As the program includes all short, medium and long-term objectives, it has been difficult to understand the overall picture. One of the key strategic questions has been whether the AuroraAI program's emphasis is macroeconomic (a better national economy through improved wellbeing and individually empowered citizens) or ultra-individualistic (AI helps you achieve your own life goals, whatever they may be). At the time of writing this article, this was not yet very clear.

Self-Empowerment Through DigiMe and Data-Managed Life

The DigiMe, or a “holistic 360° profile,” is essentially a digital profile or mirror, composed of certain data, attributes and their values of an individual and their situation in life. The DigiMe centers around a group of eight parameters based on the “The Stiglitz Model” eight-point list of wellbeing factors introduced by Stiglitz et al. (2009). These are: (i) Material living standards (income, consumption, and wealth); (ii) Health; (iii) Education; (iv) Personal activities including work; (v) Political voice and governance; (vi) Social connections and relationships; (vii) Environment (present and future conditions); and (viii) Insecurity, of an economic as well as a physical nature.

Stiglitz et al. (2009, p. 7) argue that these dimensions should be measured to gain insights into the socio-economic realities people live in. They frame this in the context of policies: “In effect, statistical indicators are important for designing and assessing policies aiming at advancing the progress of society.”

In the AuroraAI program, however, the eight dimensions are used not only to measure the wellbeing of populations and clusters but also those of individuals. A person's 360° profile in the DigiMe program would then consist of various data sources reflecting the “Stiglitz Model”: health, education, work, income, social connections. It may be argued that this kind of use probably was not the intention of Stiglitz et al. who specifically mentioned these factors as elements to be noted when formulating policies that aim to enhance people's quality of life.

Empowerment has also been noted in the Board as a slightly problematic concept. In the AuroraAI case the concept seems to refer to a particular chain of events or actions that runs approximately as follows:

I share my personal attributes with the Aurora Platform, using the DigiMe program that employs the “Stiglitz dimensions” in the background. I receive AI-generated wellbeing estimates and service recommendations in return. I use the recommended services to improve my wellbeing (or to attain a life goal, which may be the same thing).
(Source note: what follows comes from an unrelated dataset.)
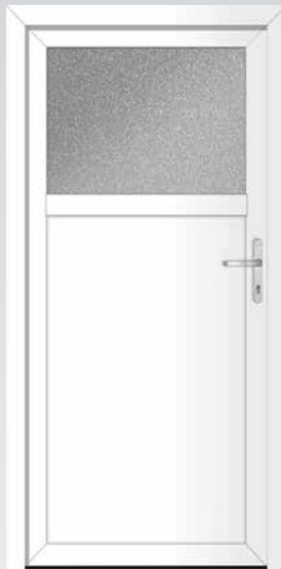
Typ 22.3600 K Basic

I become better empowered as I learn to control my life through data as I reflect on the contents of the DigiMe service.

The AuroraAI catchphrases “Let Your Digital Twin Empower You” and “become the data manager of your life” have been used in the program's rhetoric.

It should be noted that service recommendations may not be based solely on the user's attributes; they would add the aggregate data of the user's reference cluster(s) the AI has identified to the mix. In this sense, the recommendation logic is quite similar to that of streaming media platforms: it combines your history and features with that of people it assumes are like you in certain critical respects. It remains unclear how the cluster data will be collected, what the data update frequency for that data would be and how a cluster's profile (aggregated attributes) would function for people whose profile places them, data-wise, at the outer edges of the cluster and makes them effectively anomalous in comparison to the people at the cluster's center.

Effects on Real World Service Provision

One specific point the Board has noted are the “trigger criteria” of recommendations. Young people and their services are a priority target group, especially in the early stages of AuroraAI. In many cases, low threshold mental health and social support services are relevant and valuable for the young. However, these very services in Finland are often quite congested and under-resourced, with sometimes lengthy queues and waiting periods that can stretch to weeks and even months.

If the trigger criteria are set too low, the recommendation engine might recommend these services to a young person going through normal “teenage pains” and who has not considered seeking professional help before. If a state-owned AI directs people like this to these services, an already difficult service situation may become notably worse.

Use and Sharing of Personal Attributes in the Aurora Platform

The Board has noted that the service recommendation mechanism hinges on people's willingness and ability to either answer questionnaires on their situation, or wellbeing, to describe their situation or personal attributes in natural language, or to share their data from registers (this requires informed consent by the user).

All these actions require different capabilities, ranging from linguistic ability to understanding what the sharing of personal information to a multi-actor network (Aurora Platform) means. With the DigiMe concept, it is somewhat unclear whether it will be used as an application, a user experience (UX) element, or an invisible background element that stores and uses the person's attributes (profile management). Either way, the user should be aware of it and its contents, logic and role in the process which includes personalized wellbeing estimates and service recommendations.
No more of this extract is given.